Last week, the Washington Post reported that top Air Force brass "sought for three years to spend counterterrorism funds on 'comfort capsules' to be installed on military planes that ferry senior officers and civilian leaders around the world, with at least four top generals involved in design details such as the color of the capsules' carpet and leather chairs, according to internal e-mails and budget documents."

"Production of the first capsule -- consisting of two sealed rooms that can fit into the fuselage of a large military aircraft -- has already begun."

So, what exactly is a "comfort capsule"? A glance at the design (helpfully posted alongside the article) reveals them to be pretty much what they sound like; sort of ultra-cozy VIP cubicles; what the average office workspace might look like, only airborne, with leather seats and flat screen TVs.

Also, "an Air Force document specified that the capsule's seats are to swivel such that 'the longitudinal axis of the seat is parallel to the longitudinal axis of the aircraft, regardless of where the capsules are facing." For there will be no air-borne nausea aboard military flights -- this is war, dammit! Air Force leaders must be able to "talk, work and rest comfortably in the air," according to Brigadier General Robert H. McMahon, one of the military men responsible for carrying out the comfort capsule project. From their inception, McMahon made it clear that the "comfort capsules" should be considered "world class" accommodations.

Explaining his instructions to subordinates, McMahon said he used the term "world class" "in just about everything I discuss. … That represents an attitude." He said he wanted to "create an environment that whoever was riding in that would be proud of," the government would be proud of and "the people of the United States" would be proud of.

Because if the American people can't be proud of the Iraq occupation, by god they will admire the seats of empire.

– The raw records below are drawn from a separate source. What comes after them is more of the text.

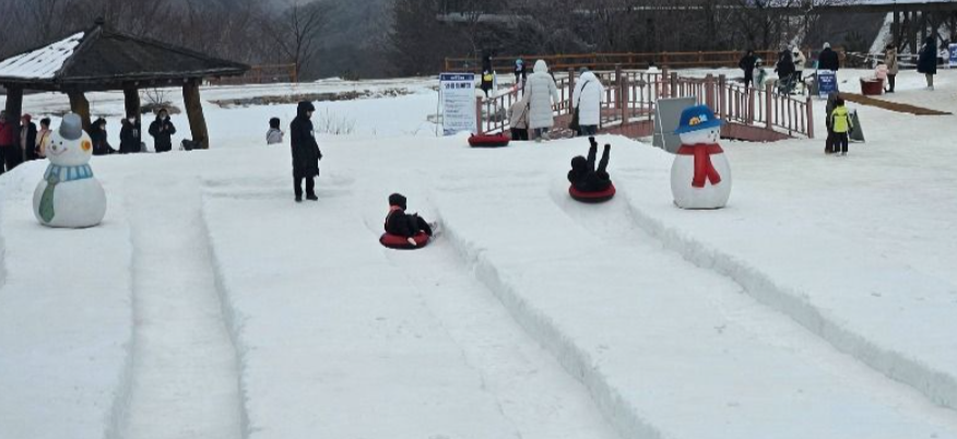 아이들은 물론 어른들도 함께 즐길 수 있는 눈썰매장은 겨울철 빼놓을 수 없는 체험 코스입니다. 특히 올해는 기존의 눈썰매뿐만 아니라 회전 눈썰매가 추가되어 색다른 재미를 더했습니다. 빠르게 내려가는 짜릿한 스릴을 즐기며 겨울의 매력을 한껏 느낄 수 있습니다.
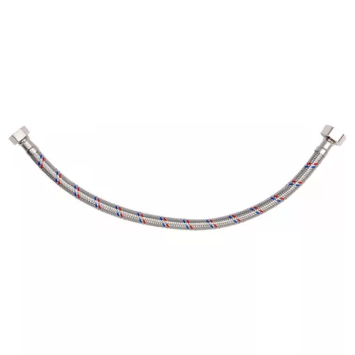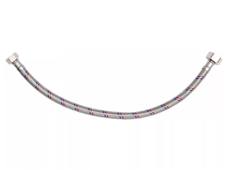 Flexible stainless steel braided connection hose. It is designed for hot and cold water. It has a PZH certificate for contact with drinking water. Length 400mm. Max pressure 1MPa. Max temp 70st C. Average flow rate 32L/min. Inner diameter 8mm and outer diameter 12mm. Connection thread: female 1/2" x female 3/8". Rubber hose made of EPDM rubber, nickel-plated brass connections, EPDM rubber gasket. It is designed from the connection of toilet cisterns or valves. It is designed from the connection of toilet cisterns or valves.
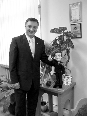 — Бачите, у нього навіть такий самий довгий ніс, — позує біля своєї копії. — Цього року виділили 335 тисяч на Театр актора і ляльки. Зокрема купили бус для перевезення трупи й декорацій. Ось таким чином актори мені віддячили.
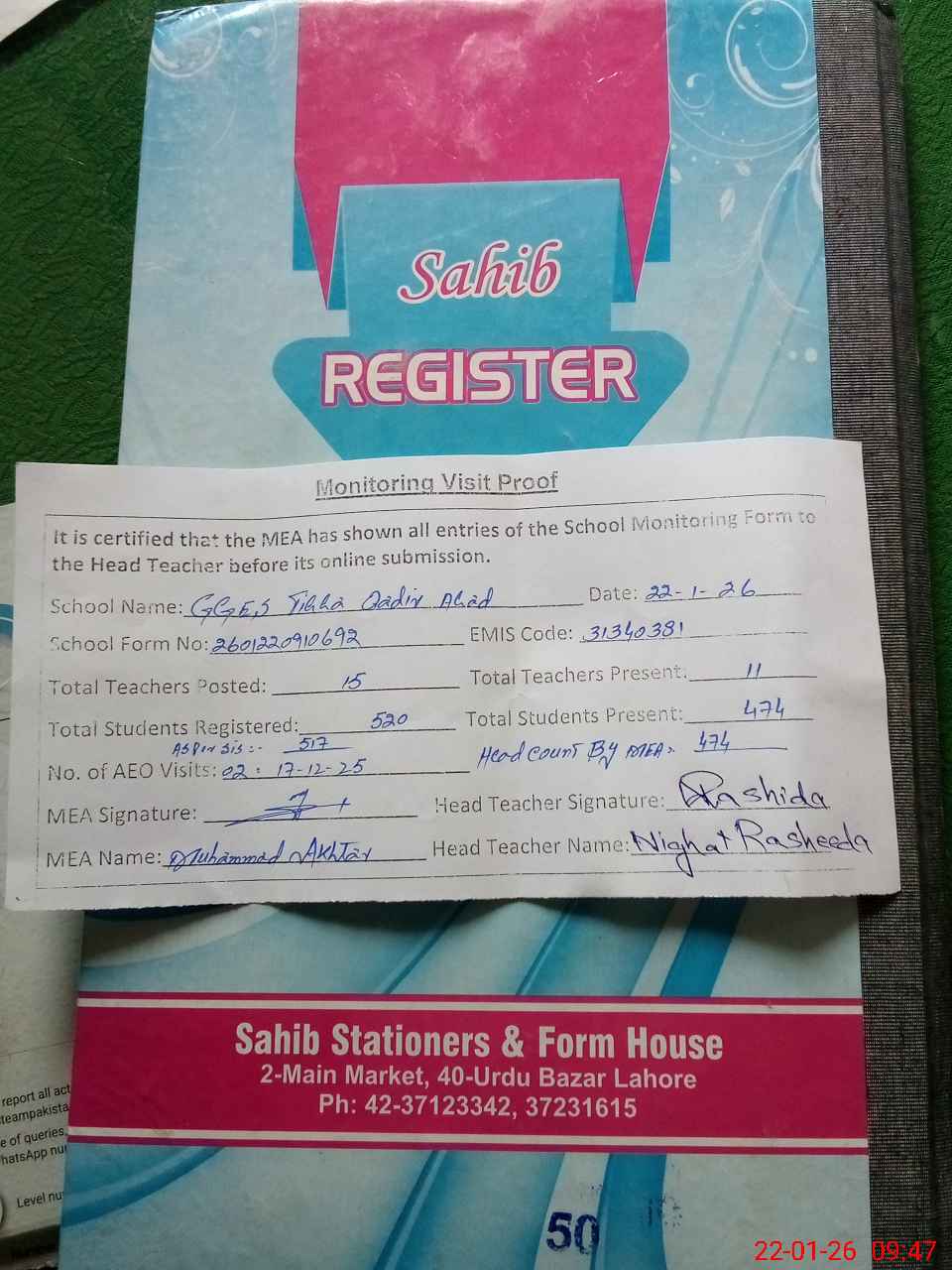 | Attendance Register | Head Teacher | MEA with School | Visit Proof |
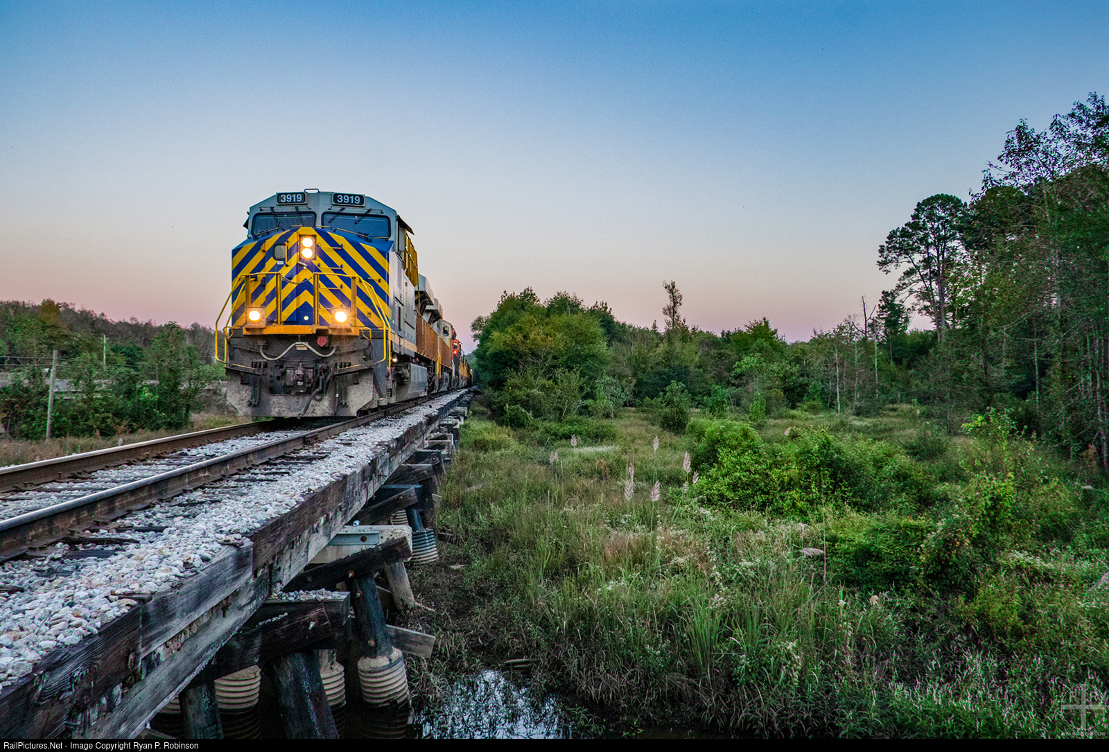 Alabama Southern train 112 winds down their journey to and from Tuscaloosa as they cross over the Lubbub Creek trestle at dusk with two ex-Citirail GEVOs leading.

Creating the capsules have not been without complication. Post-production, "one request was that the color of the leather for the seats and seat belts in the mobile pallets be changed from brown to Air Force blue and that seat pockets be added; another was that the color of the table's wood be darkened." The price tag for such changes? "At least $68,240."

Although there have been some cutbacks, the original estimated cost of the project hovered around $20 million. Which, for additional perspective, the Post helpfully points out, this "is nearly equivalent to what the Pentagon spends in about 20 minutes."

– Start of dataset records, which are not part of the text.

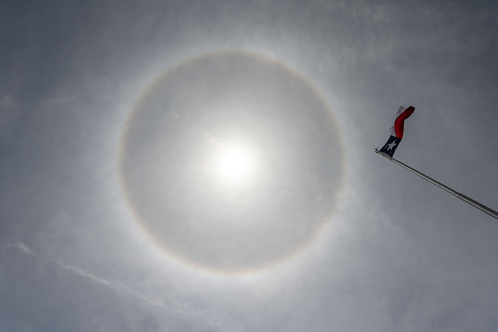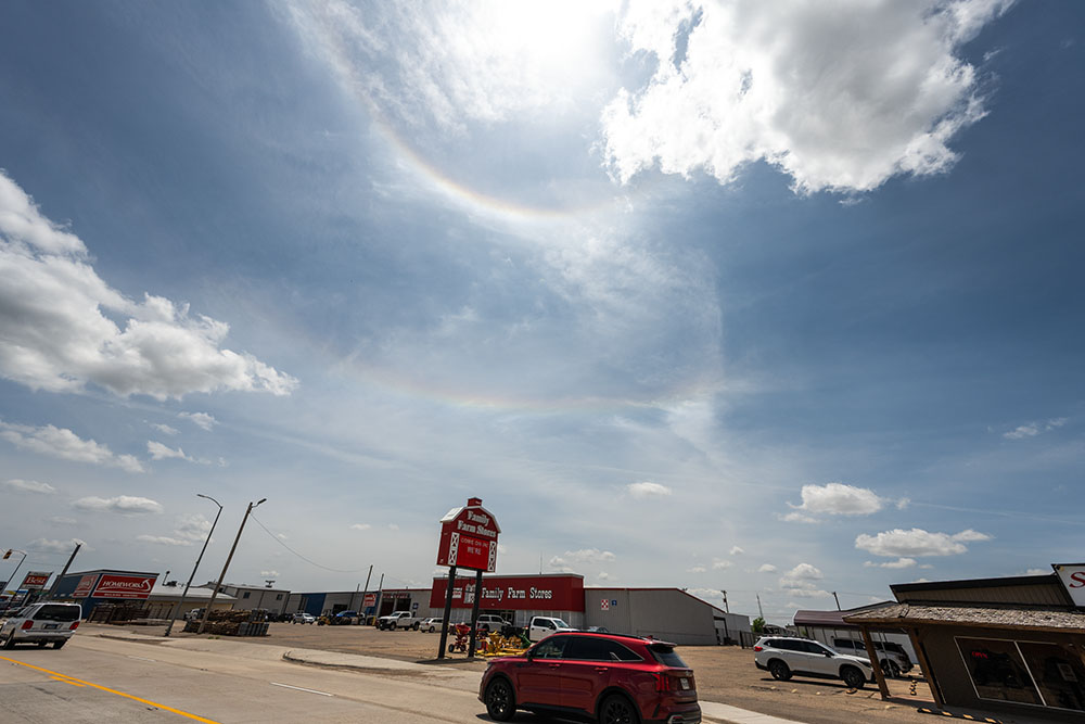 Weiter ging es Richtung Norden durch bekannte Ortschaften, die man so gut wie bei jeder Chasingtour durchfährt, z.B. Dumas. Dort gab es das nächste Highlight. Einen quasi vollständigen Zirkumhorizontalbogen bei 72° Sonnenhöhe, welchen man generell nur bei Sonnenhöhen über 57,8° sehen kann. In Deutschland nur im Hochsommer zur Mittagszeit, dann meist in homöopathischer Helligkeit. Seitlich davon zeigen sich noch schwach die Infralateralbögen. Ein toller Anblick.
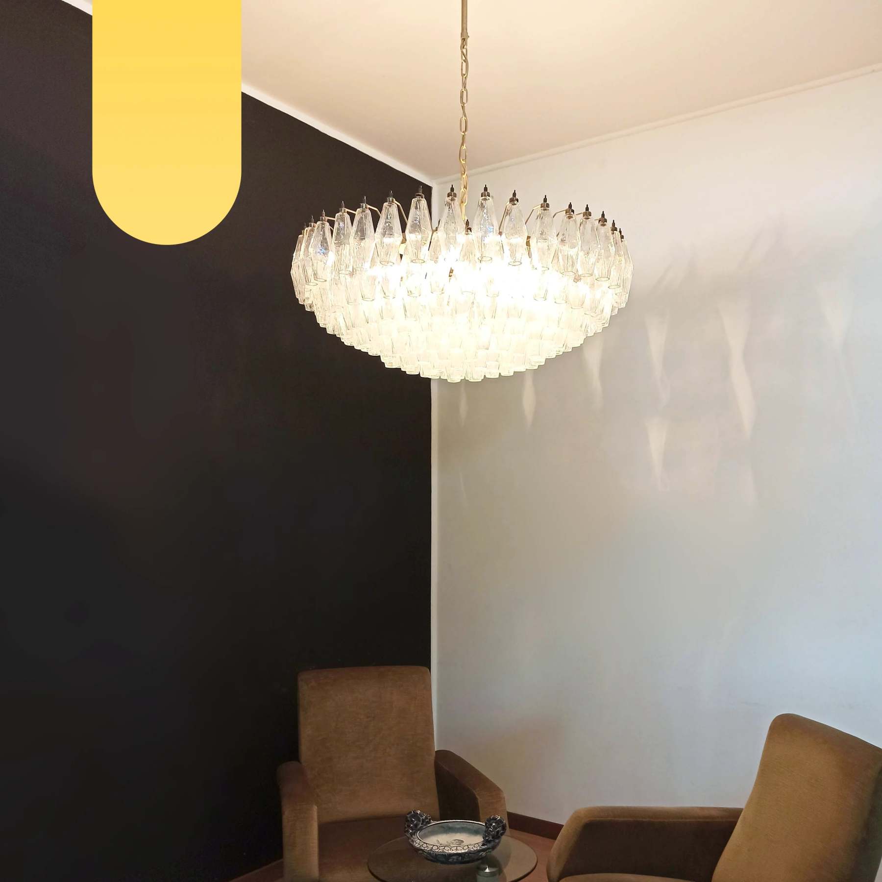 Murano Faceted Transparent Glass Chandelier
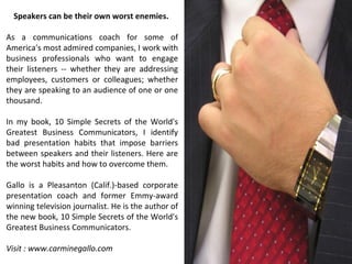 The document discusses 10 bad presentation habits and how to overcome them. Some of the worst habits include reading from notes, avoiding eye contact with the audience, dressing inappropriately, fidgeting or swaying while speaking, failing to rehearse, standing stiffly, reciting bullet points directly from slides, speaking for too long, failing to excite the audience early on, and not ending with an inspiring conclusion. The document provides tips on how to avoid each habit, such as thoroughly learning the material, maintaining eye contact 90% of the time, dressing appropriately, controlling mannerisms, extensive rehearsal, being animated, speaking to complement slides not read them, being concise, grabbing attention at the start, and ending powerfully.
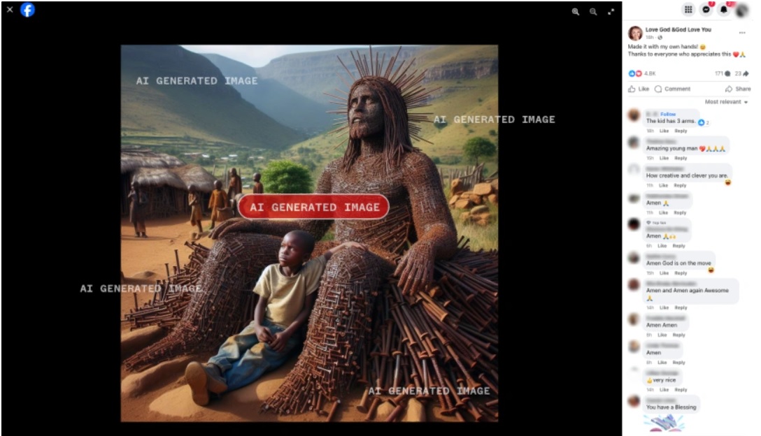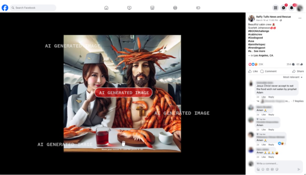 Multe dintre imaginile generate de inteligența artificială atrag fluxuri de utilizatori care comentează „Amin” la imagini bizare cu Iisus, laudă munca impresionantă a unor artiști inexistenți sau urează la mulți ani unor copii falși care stau jalnic în noroi. 404 Media, un startup de știri axat pe tehnologie, a fost primul care a raportat despre imaginile AI care au inundat Facebook.

In truth, the unsavory impression the "comfort capsules" might create among U.S. taxpayers, or rank and file soldiers, for that matter, is not entirely lost on the Air Force. According to the Post, "in a draft document dated Nov. 15, 2006, that spelled out the requirements for the SLICC [ED Note: Senior Leader Intransit Comfort Capsules], the word "Comfort" was repeatedly crossed out with a horizontal line and replaced by a less cushy-sounding alternative, "Conference."
Oh, yeah. That's much better.

...Or not.

"This whole program is an embarrassment," one military officer told the Post on condition of anonymity. Last week, the Project On Government Oversight sent a letter to Secretary of Defense Robert Gates. "An egregious failure of leadership has come to our attention that involves breathtaking extravagance when every dollar needs to be wisely spent in a time of war," wrote Executive Director Danielle Brian. POGO's press release, also released last week, pointed out that, while top brass are getting their choice of wood, leather, and carpet, "meanwhile, the conventional seat pallets used to transport soldiers are in a deplorable state" -- as evidenced here, here, and here. Coming at the heels of another high-profile Air Forcescandal -- and during a war that has come to be symbolized by unarmored humvees, soviet-era flak jackets, and fast food in the Green Zone -- the executive comfort capsules are yet another reminder of just how royally the American taxpayer continues to be screwed by the bloated excesses of our military adventures.

Check out POGO's press release for a more detailed description of the amenities offered by the Air Force comfort capsules, including "a full-length mirror," "aesthetically pleasing wall-to-wall carpeting," "aesthetically pleasing wall treatments/coverings," and, of course, adjustable "ambient lighting."